Uh… there are a lot of ways to do this, so I’d split it up a bit. My first suggestion would be: measure the capability you actually care about first.

Short version:

**Keep a held-out test set that was not used for training, run both the base model and your fine-tuned model on it under the same prompts/settings, and compare them with metrics that match your actual task.**

Public benchmarks and leaderboards are useful, but I would treat them as a second layer. They are good for orientation, not always proof that the fine-tune worked for your use case.

A practical first workflow

-
**Define the target behavior**

- What was the fine-tune supposed to improve?

-
**Create a held-out eval set**

- Use examples that were not in the training data.

-
**Run the base model**

-
**Run the fine-tuned model**

- Same examples, same prompt template, same decoding settings.

-
**Compare with task-appropriate metrics**

- Accuracy/F1 for classification, schema checks for structured output, rubric/pairwise eval for open-ended chat, unit tests for code, etc.

-
**Inspect individual failures**

- Do not only look at the average score.

-
**Add public benchmarks if they match the goal**

- Tools like Lighteval or lm-evaluation-harness can help, but only after you know what you want to measure.

1. Start with your actual task, not a leaderboard

Before choosing a benchmark, I would write the goal in plain language.

| If the fine-tune is meant to improve… |
A better first eval is usually… |
| Support-ticket classification |
Accuracy / F1 on held-out tickets |
| Domain QA |
Held-out question/answer examples |
| JSON or structured output |
JSON validity, schema validity, field accuracy |
| Chat helpfulness |
Pairwise comparison, rubric, human spot-checks |
| Summarization |
Coverage, factuality, maybe ROUGE/BERTScore as supporting metrics |
| Code generation |
Unit tests, hidden tests, code-specific benchmark tasks |
| General reasoning |
Public reasoning benchmarks may be relevant |

The key question is:

Does this benchmark measure the thing I actually fine-tuned for?

A general benchmark can be useful, but it might not see the thing you changed. A small domain fine-tune might help your actual use case without moving a public leaderboard score much.

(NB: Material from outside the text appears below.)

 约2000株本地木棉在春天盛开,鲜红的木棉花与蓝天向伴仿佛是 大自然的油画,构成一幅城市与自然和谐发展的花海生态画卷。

Also, a model can do well on a public benchmark and still be poor at your format, domain, or workflow.

Useful starting reference:

2. Minimal checklist

If you only do one thing, I would do this:

| Step |
Check |
| Goal |
What should improve? |
| Data |
Are eval examples excluded from training? |
| Baseline |
Did you run the base model too? |
| Fairness |
Are prompt/settings the same? |
| Metric |
Does the metric match the task? |
| Samples |
Did you inspect actual outputs? |
| Regression |
Did anything get worse? |
| Notes |
Can someone else reproduce the setup? |

That is already a useful benchmark for many fine-tunes.

##
More detail: building a held-out eval set

A held-out eval set means examples that were not used during fine-tuning.

For a small first pass, I would include several slices:

| Eval slice |
Purpose |
| Normal cases |
Representative examples from the real task |
| Hard cases |
Inputs the base model often gets wrong |
| Regression cases |
Inputs the base model already handles well |
| Format cases |
Inputs that test exact response structure |
| Edge cases |
Ambiguous, long, missing-context, or messy inputs |

This does not need to be huge at the beginning. A small, carefully chosen set is often better than a large but unclear one.

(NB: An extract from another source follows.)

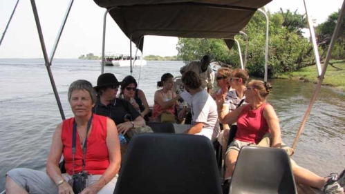 Torsdag skulle vi på safari i Botswana. Der kom en og hentede os kl. 6.45 og så gik turen til Kazungula, som er byen, hvor vi skulle med motorbåd over floden Zambezi. Inden da skulle vi udfylde papirer.. Motorbådsturen varede 5 min. På den anden side skulle vi hentes af et guidefirma. Vi var i god tid, så vi iagttog ”færgeoverfarten” og det satte mange tanker i gang. Lastbilerne holdt i lange køer på hver side af floden. Der kunne komme EN lastbil med hver gang. Ventetiden kunne let være på 2 til 3 dage og op helt til en uge. Der sejlede 3 pramme med et ”piskeris” på hver side. Det endte med, at vi ventede i ca. 1 time, ved flodbredden inden vi blev hentet. Men hvilken time, der var meget at se på. F.eks. var der alle dem, der transporterede benzin til Zambia. Kvinder og mænd slæbte benzin ombord på prammene. Prammen piskede stille ud midt i floden. Her blev dunkene løftet ned i nogle udhulede træstammer, indtil der var ca. 5 cm tilbage, inden vandet kom indenbords.

For example, if you fine-tuned a model to answer internal policy questions, I would not start with MMLU. I would first create a small set of policy questions with known expected answers, including:

- easy questions
- tricky questions
- questions where the answer is not in the source material
- questions where the model should refuse or say it does not know
- questions the base model currently gets wrong
- questions the base model currently gets right

If you evaluate on examples that were used in training, the result may mostly measure memorization or overfitting.

##
More detail: keeping the comparison fair

A common mistake is to evaluate only the fine-tuned model. That gives a score, but it does not answer:

Did fine-tuning help compared with the original model?

I would compare at least:

| Model |
Purpose |
| Base model |
Baseline |
| Fine-tuned model |
Measures the effect of fine-tuning |
| Optional similar model |
Extra reference point |

Try to keep these fixed:

- prompt template
- chat template
- few-shot examples, if any
- system message
- decoding parameters
`temperature`

`top_p`

`max_new_tokens`

- retrieval context, if this is RAG
- quantization / backend, if possible
- model revision
- adapter revision, if using LoRA/PEFT

Otherwise, you may accidentally benchmark a prompt change, decoding change, or serving change instead of the fine-tune.

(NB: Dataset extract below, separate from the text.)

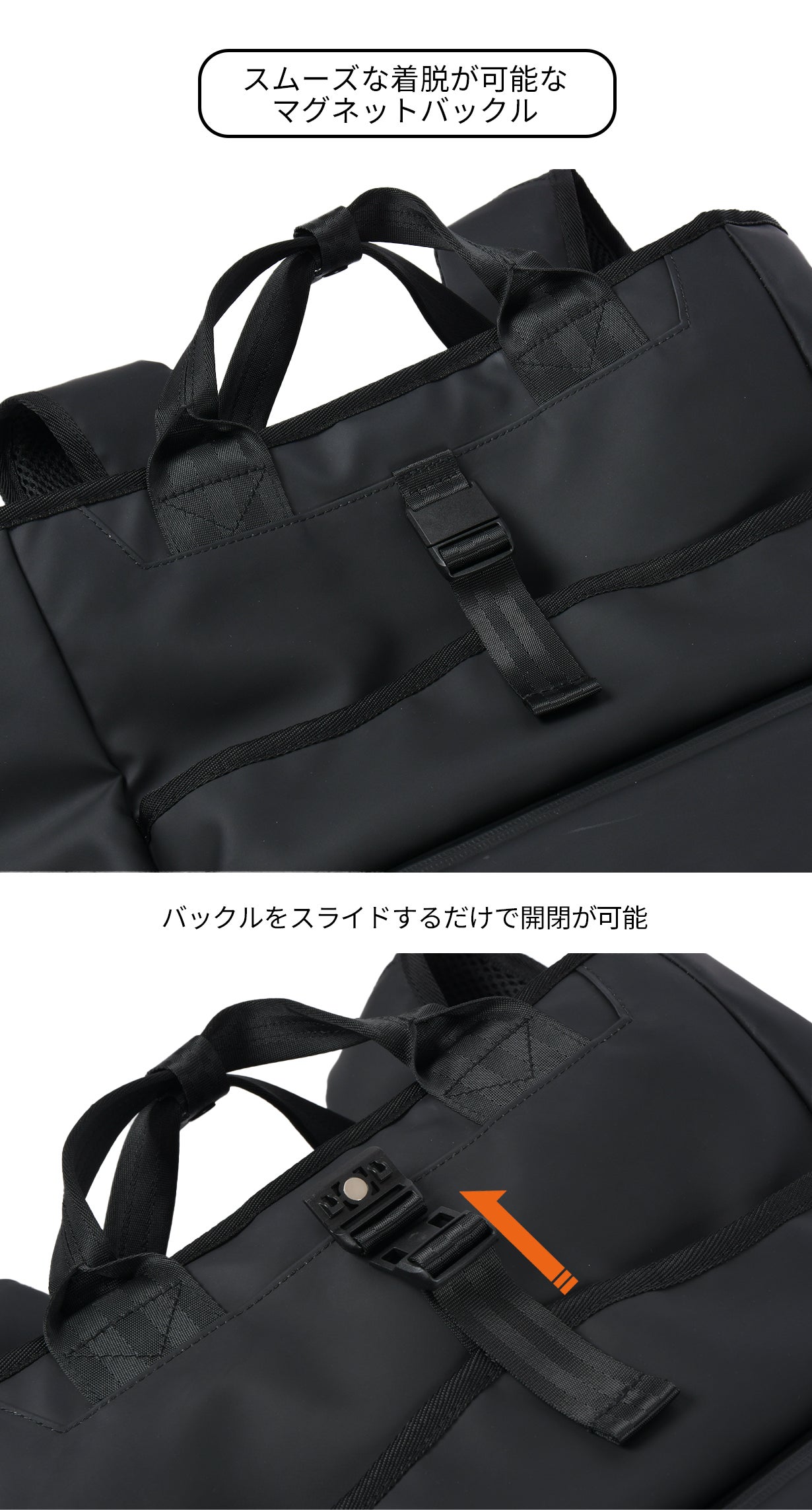 本体の開閉はファスナーで開閉する天蓋と、アタッチメントパーツを使った簡易ロック機能を使い分けることが出来ます。

For LoRA/PEFT models, I would also be careful to record whether you evaluated:

- the base model alone
- the base model plus adapter
- a merged model
- a quantized version
- a served endpoint version

Those can behave differently enough that the exact setup matters.

3. Pick metrics by task

There is no single metric that works for all fine-tuned LLMs.

A useful reference is Hugging Face Evaluate’s metric guide:

Very roughly:

| Task type |
Possible metrics / checks |
| Classification |
accuracy, precision, recall, F1 |
| Extraction |
exact match, field-level accuracy, schema validity |
| QA with known answers |
exact match, F1, semantic correctness, human spot-check |
| Summarization |
ROUGE/BERTScore can help, but inspect factuality and coverage |
| Translation |
BLEU / chrF / COMET, depending on setup |
| Open-ended chat |
rubric scoring, pairwise comparison, human or LLM judge |
| Instruction following |
constraint pass rate, format adherence |
| Coding |
unit tests, pass rate, hidden tests, code benchmark tasks |
| RAG/document QA |
answer correctness, context recall, faithfulness, citation usefulness |
| Deployment |
latency, throughput, VRAM, cost per request |

I would avoid relying on only one weak signal, such as:

- “the answer looks good to me”
- training loss
- validation loss
- one public leaderboard score
- one cherry-picked demo

Those can be useful, but they are not the whole evaluation.

##
More detail: eval loss vs task success

If you trained with `Trainer`

, `SFTTrainer`

, or another training loop, validation/eval loss is useful as a training signal. It can help you notice overfitting or training instability.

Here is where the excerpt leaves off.